Nietzsche understood that the animals judge us for our histrionic ways and for being the drama queen of the animal kingdom. “I fear that the animals see man,” he wrote, “as a being like them who in a most dangerous manner has lost his animal common sense – as the insane animal, the laughing animal, the weeping animal, the miserable animal.”3 This is an intriguing reversal of the humanistic assumption that it is our own kind who, exceptionally, are the rational ones. Nietzsche makes this observation in his great attempt to construct a “gay” or “joyful” science (fröhliche Wissenschaft), rising like a phoenix out of the ashes of the dismal archive of most human thought and endeavor. (At least, that is, since Socrates showed up and poisoned the well with his sanctimonious talk of goodness, morality, truth, and reason.) Despite his contempt for modern man, Nietzsche retained a faith in our latent potential to transcend our own resentments and the attendant passive-aggressive sharing of negativity that so often goes under the cloak of culture, society, and so on. Indeed, only someone who felt the weight of the world so heavily could understand the stakes in forging a more light-hearted orientation towards being – in saying “Yes” to existence, despite the profound insecurity of fleeting mortality. (And, in this Zarathustran project, Nietzsche would enlist many animals as totem or spirit guides.)

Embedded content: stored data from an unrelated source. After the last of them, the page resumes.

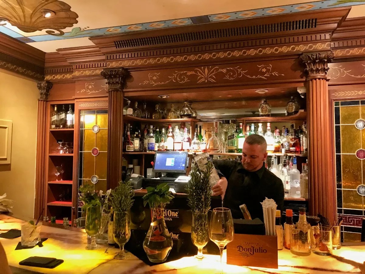 The Onyx Bar is the only major addition. In Versace’s time, the kitchen occupied this space. Now the stoves have been moved to a former garage, and a bar with stained-glass accents takes their place. The main attraction at the bar: a 24-karat golden margarita festooned with real gold flakes.
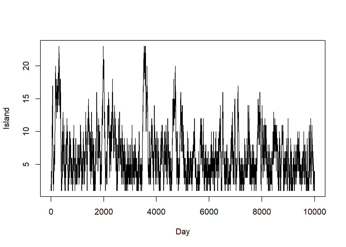 n_states = 30 theta = 1:n_states pi_theta = theta ^ 2 * exp(-0.5 * theta) # notice: not probabilities n_steps = 10000 theta_sim = rep(NA, n_steps) theta_sim[1] = 1 # initialize for (i in 2:n_steps){ current = theta_sim[i - 1] proposed = sample(c(current + 1, current - 1), size = 1, prob = c(0.5, 0.5)) if (!(proposed %in% theta)){ # to correct for proposing moves outside of boundaries proposed = current } a = min(1, pi_theta[proposed] / pi_theta[current]) theta_sim[i] = sample(c(proposed, current), size = 1, prob = c(a, 1-a)) } # trace plot plot(1:n_steps, theta_sim, type = "l", ylim = range(theta_sim), xlab = "Day", ylab = "Island")
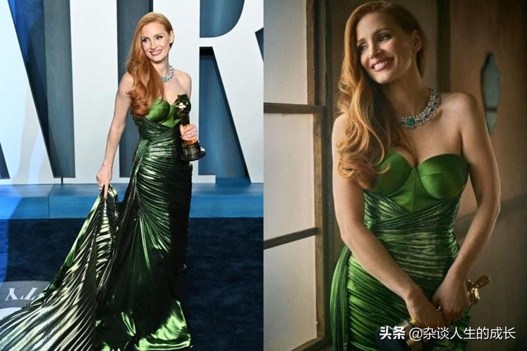 有别于较为正式的典礼,庆功宴派对的尺度似乎更大,名人们的服装辣度也跟着升级。 首先夺人眼球的就是近年热播美剧《高校十八禁》(Euphoria)卡司,包括千黛亚在内,许多要角也都合体登场,让粉丝又惊又喜。 本届影后洁西卡雀丝坦也换上另一套绿色绮面礼服,手拿小金人,感受得出她获得肯定的喜悦。 同样选择飘逸元素的还有身穿粉色GUCCI礼服的达珂塔强生,火速换装的凡妮莎哈金丝则放下长发,改以黑色薄纱裙出席。
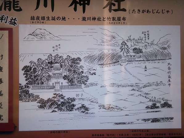 〇竹採屋布(たけとりやしき)、かぐや姫生誕地滝川神社(浅間下方五社)・・・ よしながという村ですが、もと駿河浮島に富士側から張り出した「岬」であったため「御崎神社」があります。
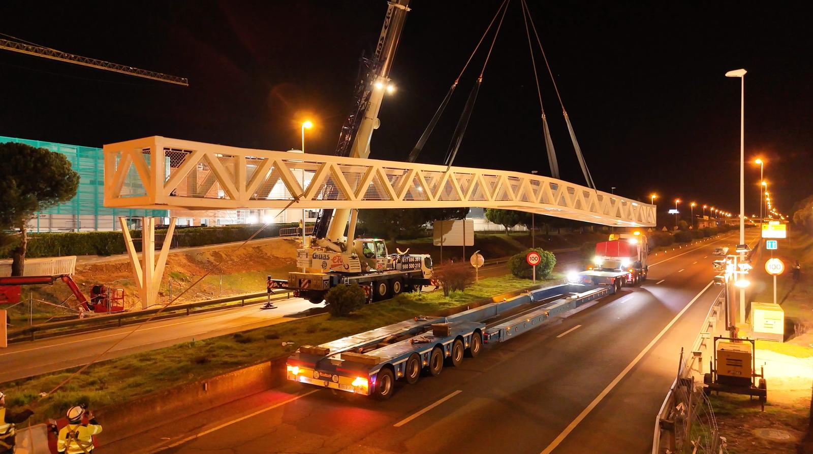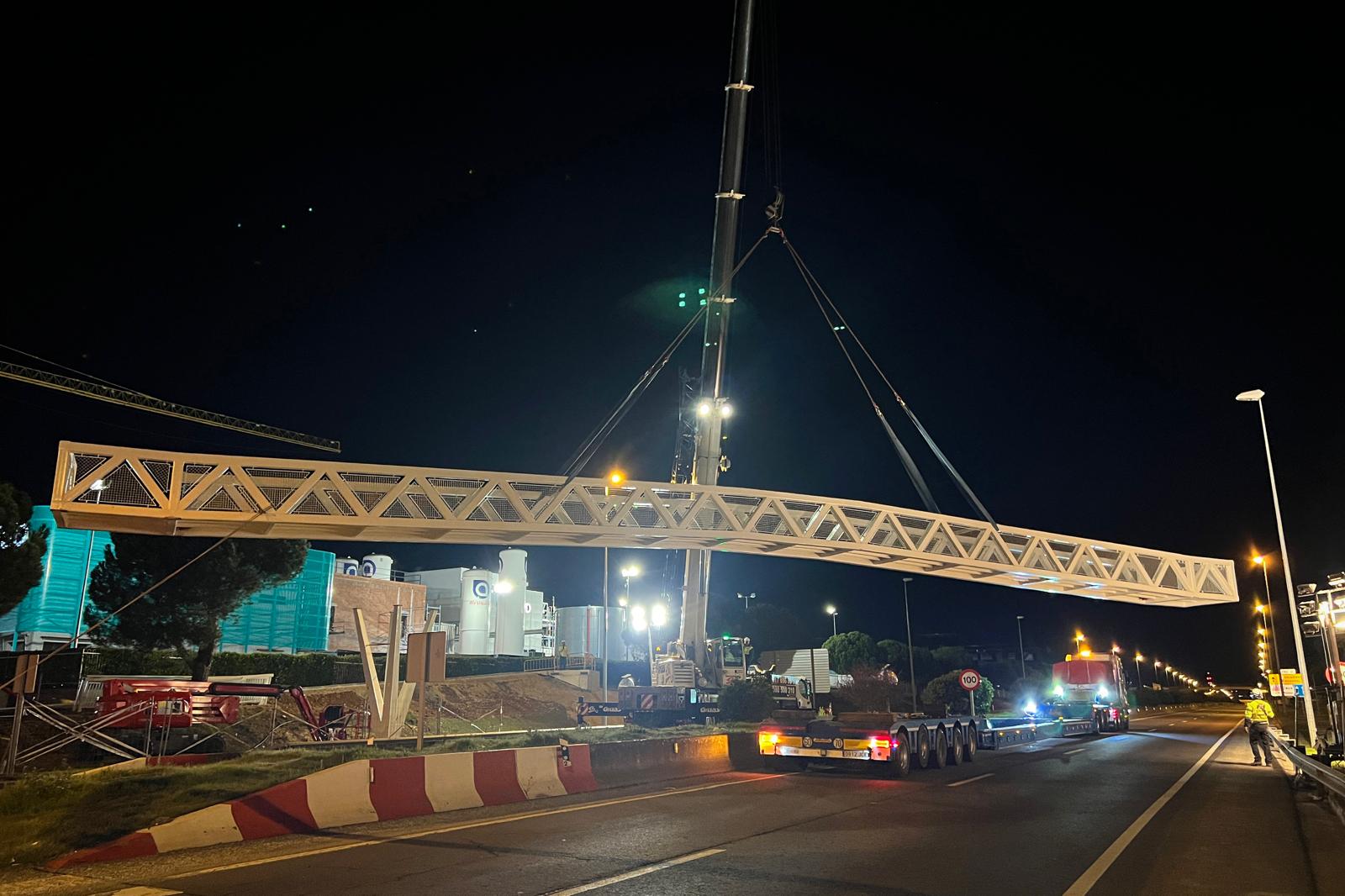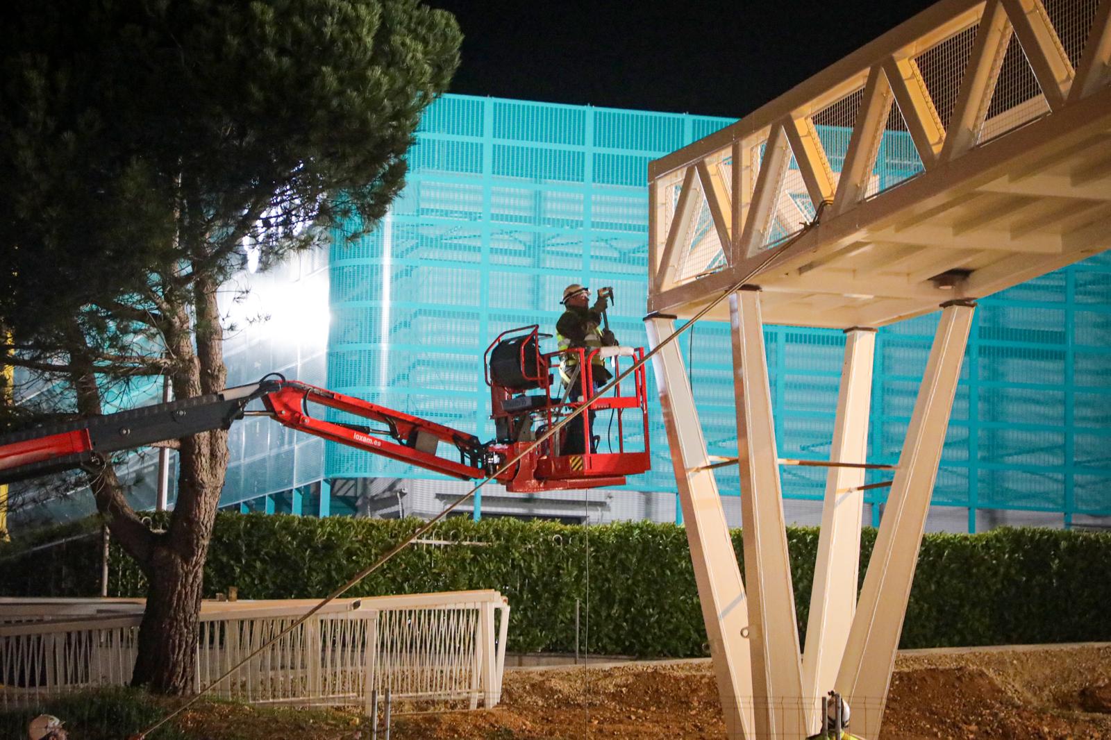La primera fase de las obras del montaje de la pasarela peatonal que une los polígonos El Montalvo I y El Montalvo III ya está ejecutada. Las buenas condiciones climatológicas han permitido que los operarios pudieran realizar en la noche de ayer los trabajos de izado y colocación de los dos primeros tramos de las rampas rampas a ambos lados de la vía SA-20. Durante el día de hoy está previsto finalizar los dos últimos tramos de las rampas y la prueba de peso y carga para garantizar la estabilidad y la seguridad de la infraestructura antes de su apertura al paso de los peatones.

Of course, the wrong people listened to the wrong parts of Nietzsche, and took it the wrong way. Hitler believed the Übermensch would climb ever upwards on the charred bones of lesser men, while Ayn Rand – not quite so extreme – used the philosopher’s words as an alibi to promote the kind of self-defeating cynical solipsism that officially informs much of our current anti-social society.
Rather than humbly ask the animals for advice on drying our neurotic tears, we slaughtered them for sport and status, destroyed their habitats, drove them to extinction, and imprisoned the remaining ones for our civic edification. When the Tove Jansson-like character, from Jansson’s short story “The Wolf,” visits a forsaken zoo on an abandoned island in mid-winter, she is overcome with sadness when she sees the eponymous creatures in their snowy cage. “The wolves’ ceaseless pacing struck her as appalling. It was timeless. They loped back and forth behind their bars week after week and year after year, and if they hate us, she thought, it must be a gigantic hate! She felt cold, suddenly, terribly cold, and she started to cry.”

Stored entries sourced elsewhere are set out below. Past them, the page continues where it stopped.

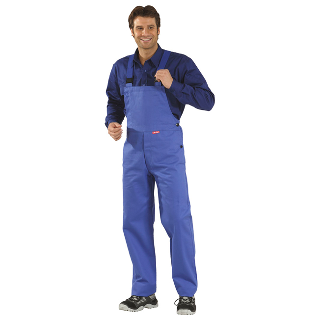 2 seitliche Eingrifftaschen, Eingriffe direkt in der Seitennaht, 1 Tasche auf dem rechten Bein mit Eingriff von hinten, innen liegende Latztasche mit Patte, 2 vollelastische Träger mit Steckverschlüssen, Latzhose auf der linken Seite am Bund durch 2 Knöpfe zu verschließen, Hosenschlitz durch Knopfleiste verschließbar.
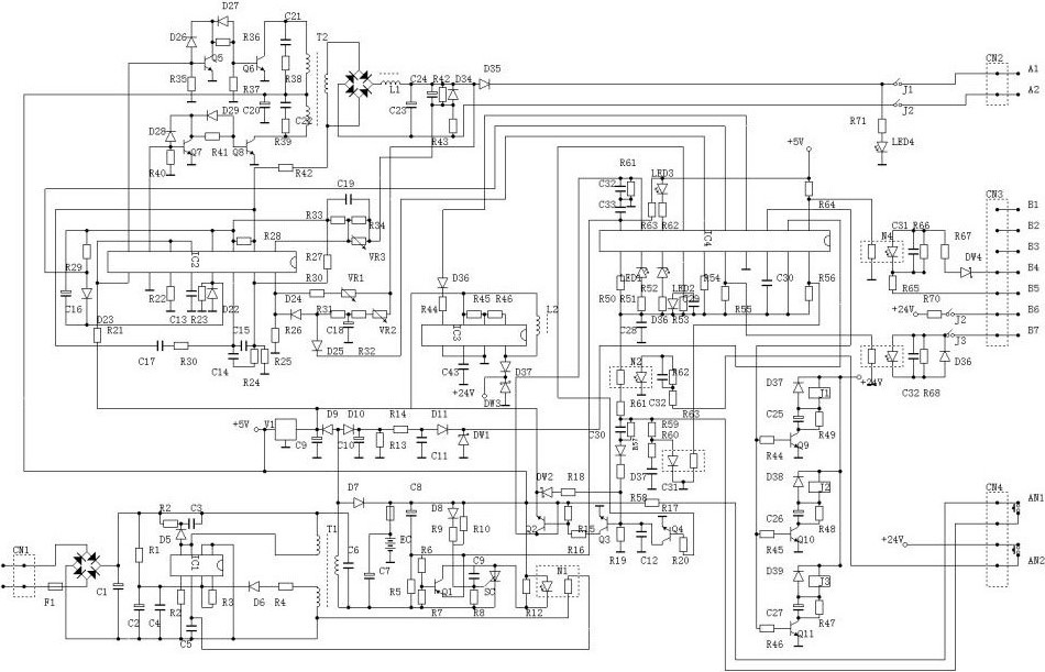 电梯电子式松闸装置的电原理图如图所示。图中CN1为220V市电输入插座,CN2为抱闸线圈插座,CN3为控制线插座,CN4为应急启动按键插座。IC1、T1、Q1、N1等构成开关电源给电池充电。电池选用镍铬电池,该电池具有体积小、重量轻、使用寿命长的特点。IC4具有接收发送各种指令功能并能产生高频振荡信号。IC3将电池12V直流电压提升到24V直流电压。IC2一方面作为Q6、Q8的高频信号推动。高频信号来自IC4。另一方面可调整应急输出的电压和电流大小。
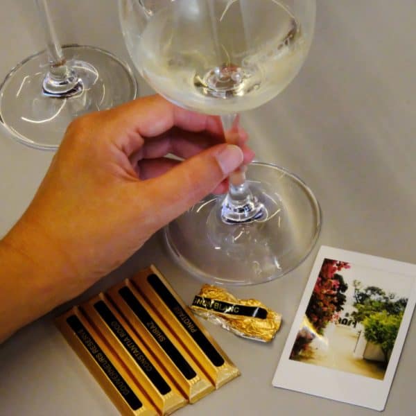 Take another small piece of chocolate and allow it to begin melting in your mouth. Then take a sip of the wine. As you swallow the chocolate and the wine think about how the flavours work together. Are they both equally sweet? Do the flavours of the wine and chocolate meet at the end, or do they stand apart? Is the combination better than the two separate parts?”
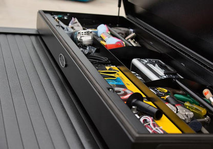 The Truck Covers USA American Work Cover is your solution for work and play. It offers the stylish design and superior construction of a toolbox and roll cover in one. The toolbox was designed with work trucks in mind. It offers a lower section that is 10 inches wide and 9.5 inches deep. While the upper section is larger measuring at 20 inches wide and 5.5 inches deep. This toolbox and cover combo comes ready to use with two black powder coated steel trays. (Stainless Steel trays available at additional cost). The cover has a sleek low-profile design that is available for virtually all trucks on the market today. Constructed from double walled light weight aluminum the Truck Covers USA American Work Cover can support up to 500lbs of evenly distributed weight. The Work Cover is a retractable truck bed cover that operates smoothly and effortlessly thanks to its tension-driven design. It can accommodate cargo of any size and automatically locks into place every 12 inches, providing just the right amount of protection and security.
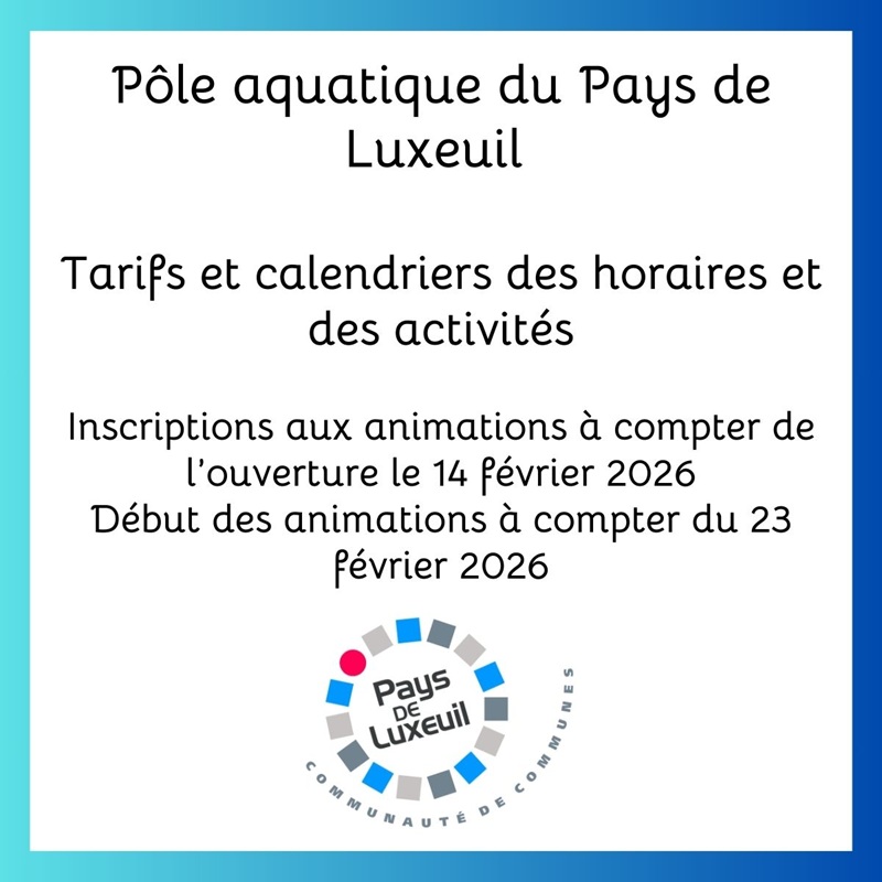 - Portes ouvertes du Pôle aquatique le 7 février 2026Le nouveau Pôle aquatique intercommunal ouvre ses portes Portes ouvertes du Pôle aquatique le samedi 7 février de 14h30 à 17h00 Av.Guynemer 70300 Luxeuil-Les-Bains (juste à côté de la piscine des 7 Chevaux). Venez nombreux !
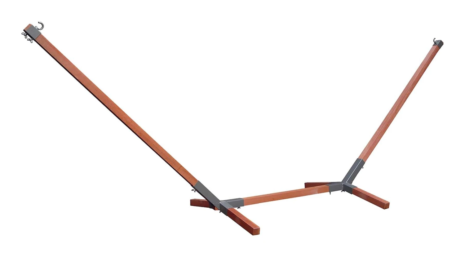 Een hardhouten hangmatstandaard. Deze is gemaakt van Massaranduba FSC Pure hardhout. Geschikt voor hangmatten met een totale afmeting van 250 tot 325 centimeter. Hoogte verstelbaar tot een maximale hoogte van 115 centimeter en de spanwijdte is verstelbaar van 310 tot 335 centimeter. Maximaal draagvermogen: 120 kilogram.
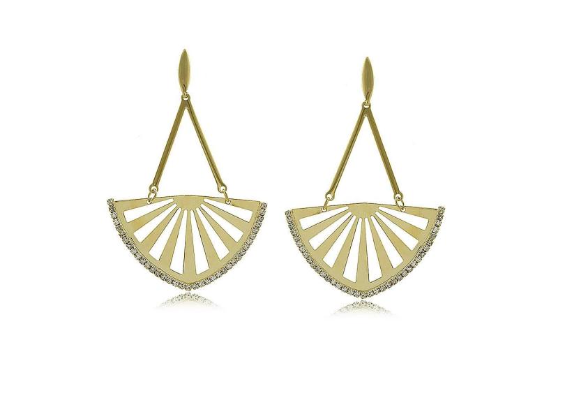 Brinco Pêndulo com Cristais Rendados Folheado a Ouro 18K

The weeping animal indeed. Seeking forgiveness from a creature that howls at the moon. But does the wild wolf – free and far from the human stench – howl at the moon out of joy or from a purer sadness, moved by the pack perception of lunar beauty and the reflective illumination it provides?

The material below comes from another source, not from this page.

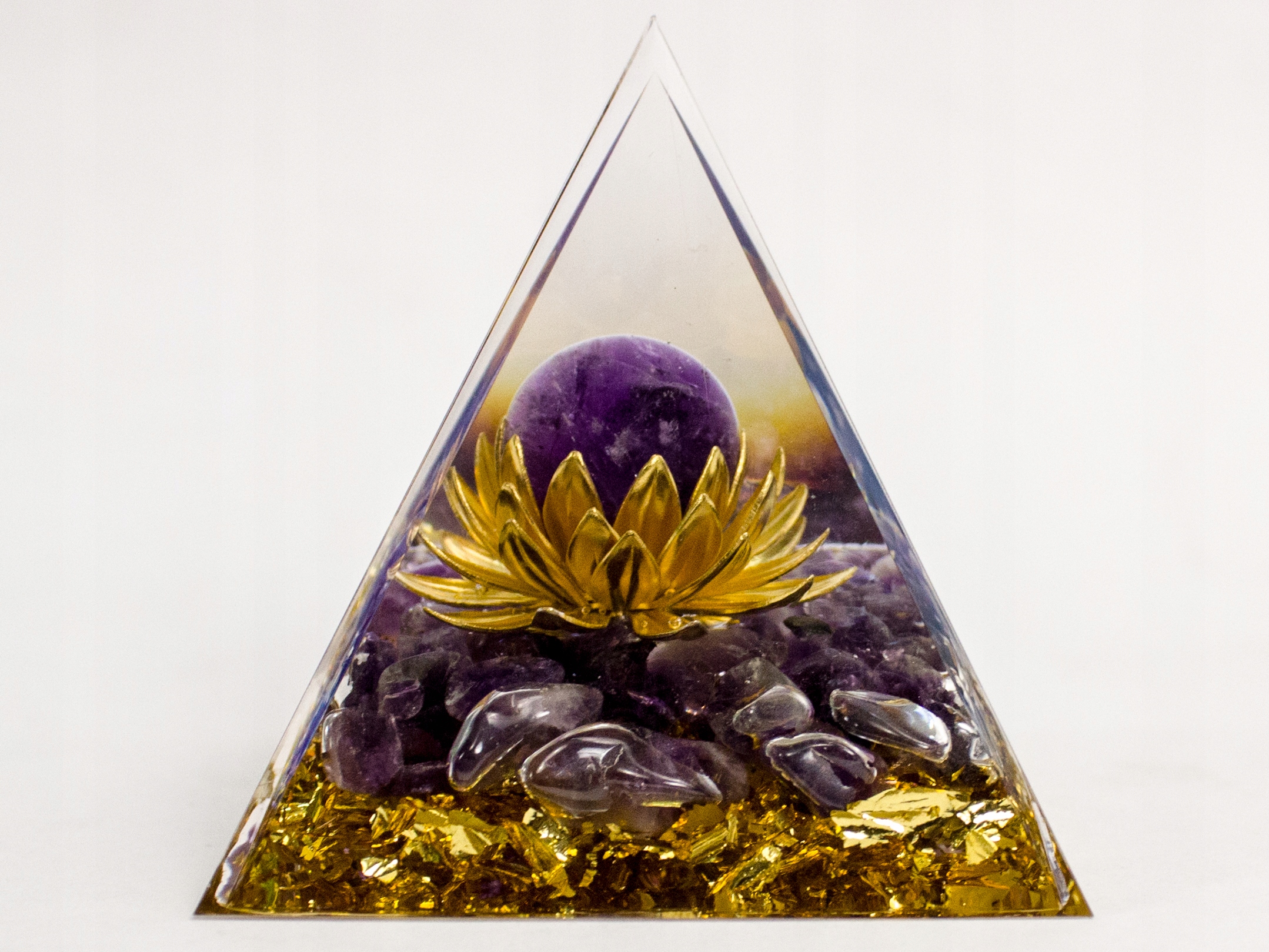 Оргонітова піраміда - емоції, стосунки, допомога при безсонні, зняття стресу, гарне оздоблення аметистом, міддю, смолою та шматками золотої фольги.
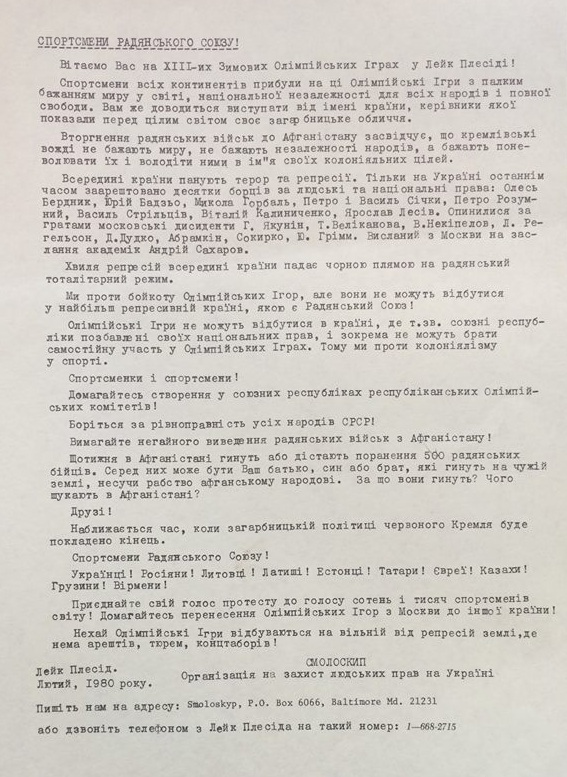 “Lake Placid, N.Y., XIII Winter Olympic Games (UIS ‘Smoloskyp’). On Monday, February 18 of this year, a press conference organized by Smoloskyp—the Organization for the Defense of Human Rights in Ukraine—took place here in the conference hall of the City Administration, at which Nina Strokata-Karavanska spoke on behalf of the Kyiv Ukrainian Helsinki Group.”

We need not decide – at this early point in our consideration of such key matters – whether humans are merely the most sensitive species when it comes to absorbing ambient and universal sorrow, or whether it is humans themselves who funk up the cosmos with their own woeful stench. (Forever lamenting their fallen state, as part of the world, but not truly of it.) Is the human mind, and its subsequent arts and sciences, a prism reflecting an ubiquitous sorrow, saturated into the marrow of Things? Or is it a powerful projection mechanism, using ever more powerful optical technologies to beam our own wan inadequacies onto the panoramic widescreen of the night sky. The quantum aspect of existence means both could be equally true. Or equally false.
These two alternatives, however, should be kept in mind – along with the tension created between them – as we explore the interstellar terrain of sad planets.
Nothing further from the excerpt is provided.